There are four combinations, true, true,
true false, false true, and make sure that
in each case, not K or Q being true is the
same thing as K and not Q being false.
We won't go through that in detail.
I'll leave it to you to work that out
yourself.
Now let us see that in order to prove Q
rather to show that K implies Q all we
need to do is show that K and not Q is
false.
So what do we do?
We augment the set of, rules and knowledge
that we have, with not Q.
That means if we had a statement that.
Is leader of X comma Obama, is my query.
I will augment my knowledge base with the
statement that it is not true is leader of
Xx comma Obama.
The augmented, knowledge base which is,
our original knowledge, and not q, must,
give me a falsehood, if, I was to prove, k
in place q.
So in order to, show this, when needs to
take this augmented knowledge base, and
crank it through some logical resolution
engine which performs both inference and
unification that is assigning values to
variables.
And figure out whether or not it answers
true or false.
If it answers false, that is that K and
not Q results in a falsity, then the
answer to my query is true.
K does imply Q as per this argument
earlier.
Along the way, we would also have figured
out the right values for any missing
variables in Q, and, in the process,
answered our query.
However, if, k implies q, results, in, a
true statement or a satisfiable statement,
then the answer to the query would be no.

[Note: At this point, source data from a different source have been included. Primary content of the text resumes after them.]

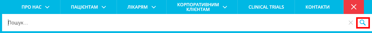 1. Кнопка пошуку знаходиться в правому боці основного меню на сайті.
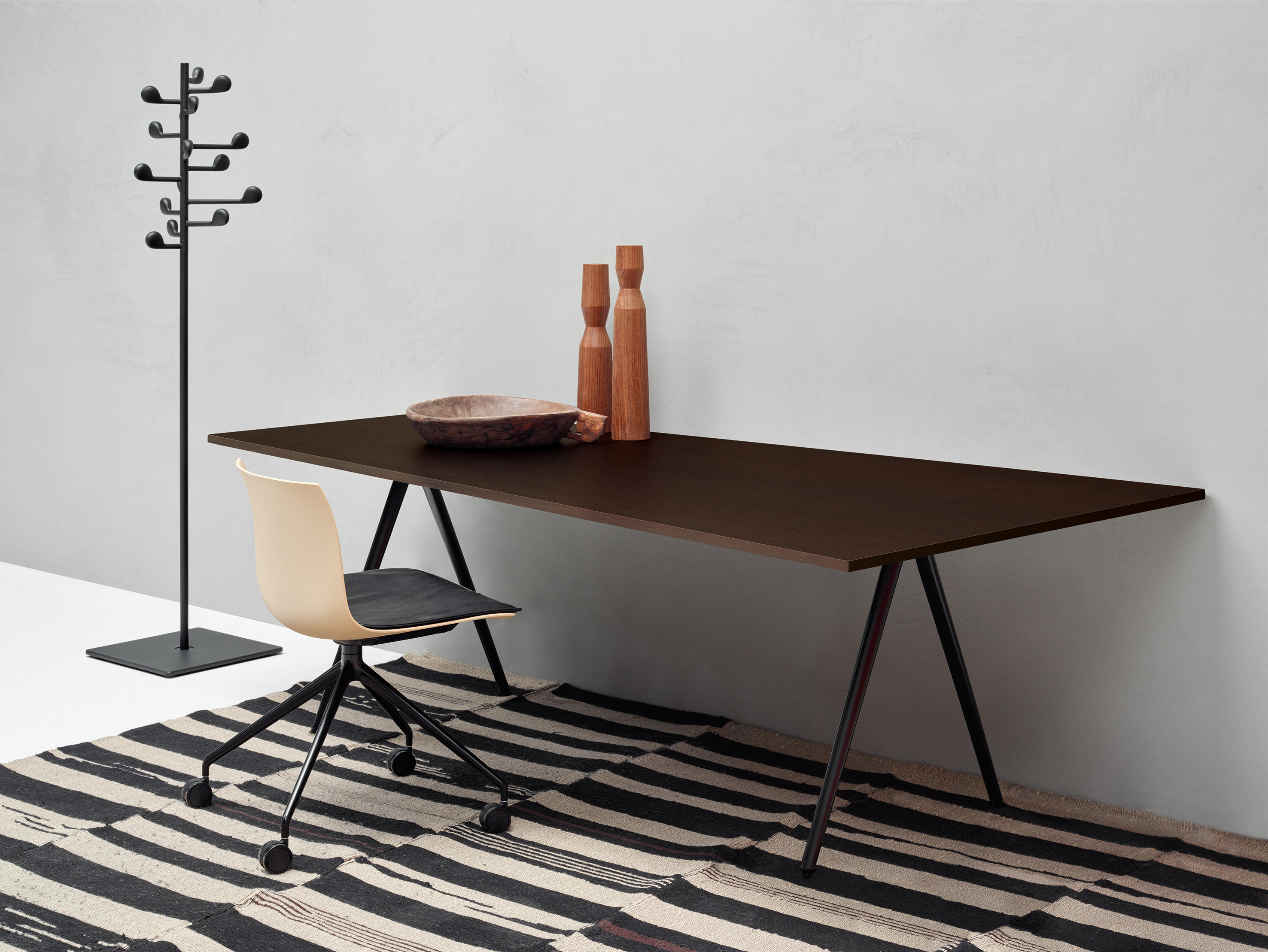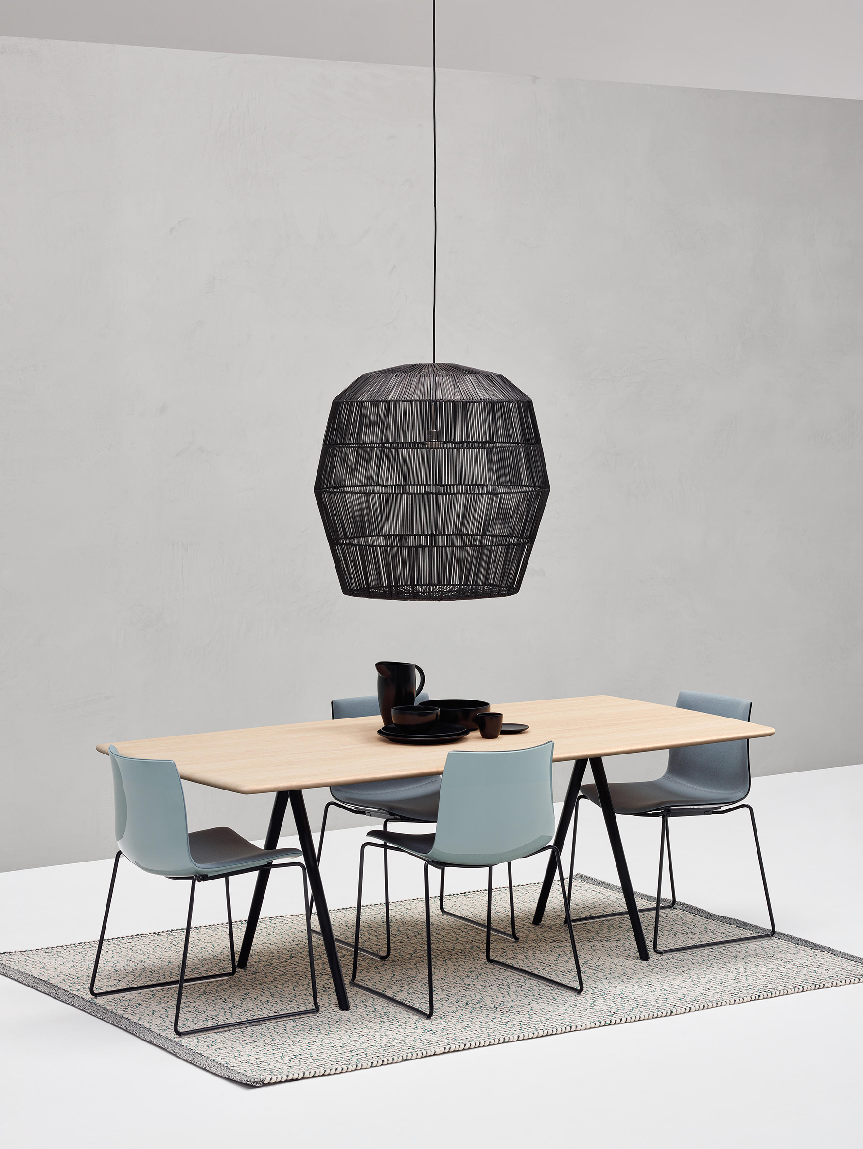 Meety由Lievore Altherr Molina设计,以表格形式模仿Catifa的适应性系统。灵感来自桥梁的建筑结构 - 强大而轻盈 - Meety的铝制支腿形成坚固的结构,顶部看起来漂浮或悬停。 Meety采用适应性强且动态的桌面系统,可实现最佳定制,Meety通过其铸铝支腿保留其独特的特性,可无缝集成到多种桌面选项中:尺寸,比例和材料。多样化的自定义功能可以为任何环境(家庭,工作和生活)提供量身定制的优雅系统。
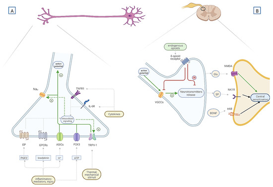One of the most well-known pain-inducing mechanisms is inflammation. There are plenty of described pathways connecting ongoing inflammation and the onset of pain sensation, one of them being the release of the inflammatory mediators and their effect on the signal transmitting properties of nociceptors (see Figure 1) [54].
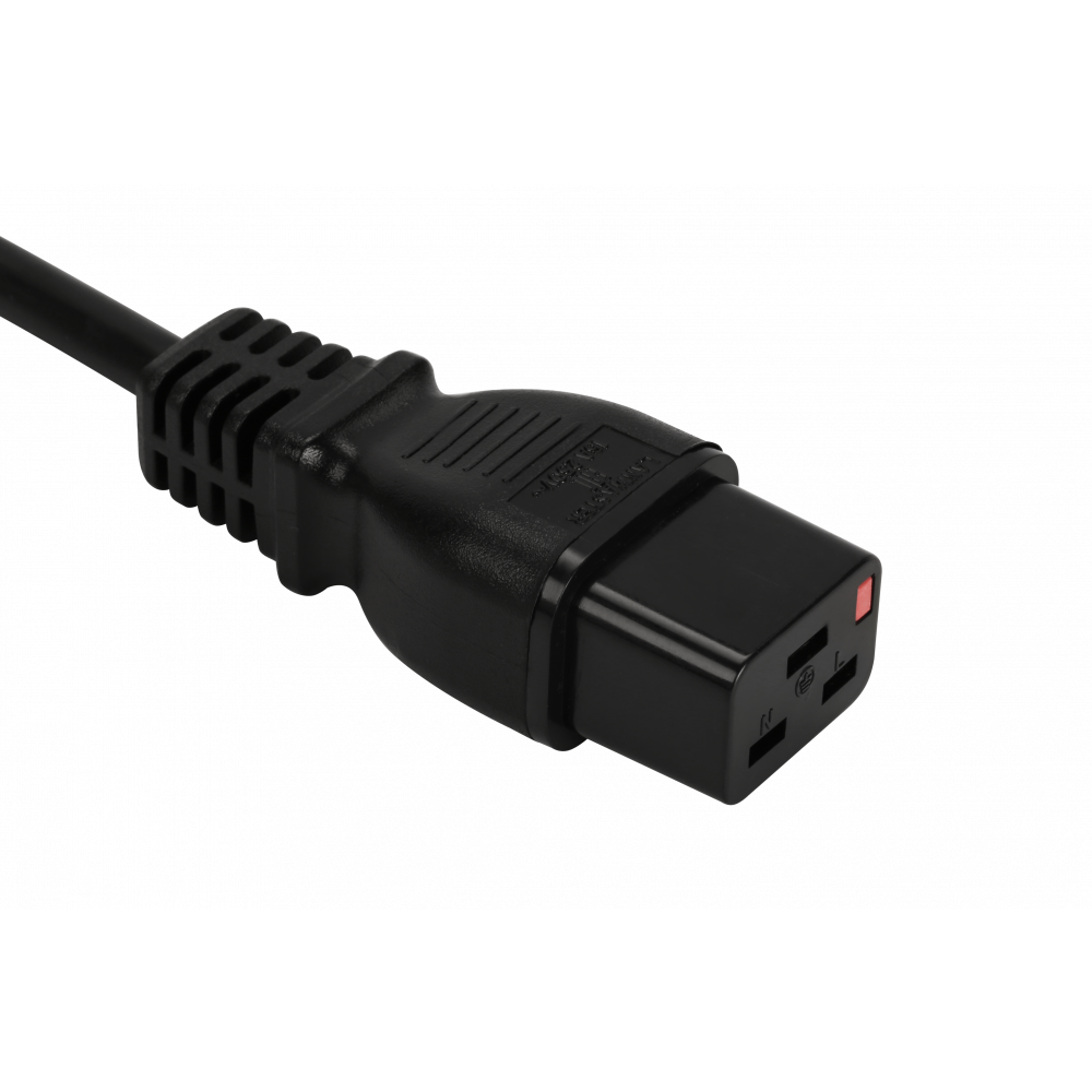 Особенностью этого шнура питания является то, что штекер С19 оснащен механизмом защиты от случайного или преднамеренного отключения от сети.

Because then k and not q would be true.
Which means that, not K or Q is false, or
K implies Q would be false.
This seems fairly straight forward, all we
need to do is take our query, even if it
contains variables, negate it, and then
state its opposite added to our bunch of
knowledge, crank it through some
mechanical process or resolution and
unification, however difficult that may
be.
And see whether the answer comes out false
or true, and then we have the answer to
our query, along with any variable
assignments which would make sure that we
get the right answer.
The trouble is.
This resolution procedure.
May not actually ever finish.
It may go on forever.
That's actually possible.
In which case we get into some trouble.
Resolution need not always work.
And the meaning of not working is that it
never stops.
This brings us to some very important
understanding of the fundamental limits of
logic and resolution.
First of all resolution may never end and
by never we mean never.
Whatever algorithm might weigh, you may,
you might use to perform a resolution,
it's not an issue that one algorithm is
bad but it may be the case that resolution
could never end and in fact this is the
concept of undecidability.
There are some cases where you have a
bunch of knowledge.
A bunch of rules and facts, and you could
never tell whether or not that combination
of rules and facts is true or false.
In, in other words they are undecidable.
This was actually.
Shown, for the case of predicate logic,
that means the logic that we've been
studying, by a number of people in the
early twentieth century.
Kurt Godel, Alan Turing, of course, who
was the founder of computer science,
Church, and a few others, in a variety of
different ways.
Turing showed it in the most elegant way
for a computer science perspective by
using the concept of a Turing machine.
But that's a subject for theoretical
computer science and we won't go into that
in this course.
The other trouble is that even in
situations where.
The resolution process does come to a
conclusion, it might take a lot of time.
For example, for N facts with N variables,
one might have.
An algorithm which took two to the n, m
time.
That means exponential.
We've seen this before, algorithms which
take, extremely large number of steps,
such as figuring out all the possible
combinations of ones and zeros in a large,
thousand bit vector, takes two to the n
steps.
Similarly.
Logical resolution might take two to the
something number of steps, which makes it
really intractable in practice for a large
number of facts.
It turns out that if you have just
propositions, that means no variables, the
old, the what we just did a few with just
statements like Obama is president of
U.S.A.
Rather than relationships between entities
and other entities.
Such propositions alone.
Is, do, do result in decidable logic.
That means you can't always find the end
to a resolution procedure.
But it still might not be tractable in the
sense that it might take too long.
And that comes up to the whole theory of
computational intractability with the
notion of NP completeness.
And the first such problem to be shown to
be provably difficult, in this sense, was
that of satisfiability, which was nothing
but whether or not a statement of
propositions could actually be satisfied.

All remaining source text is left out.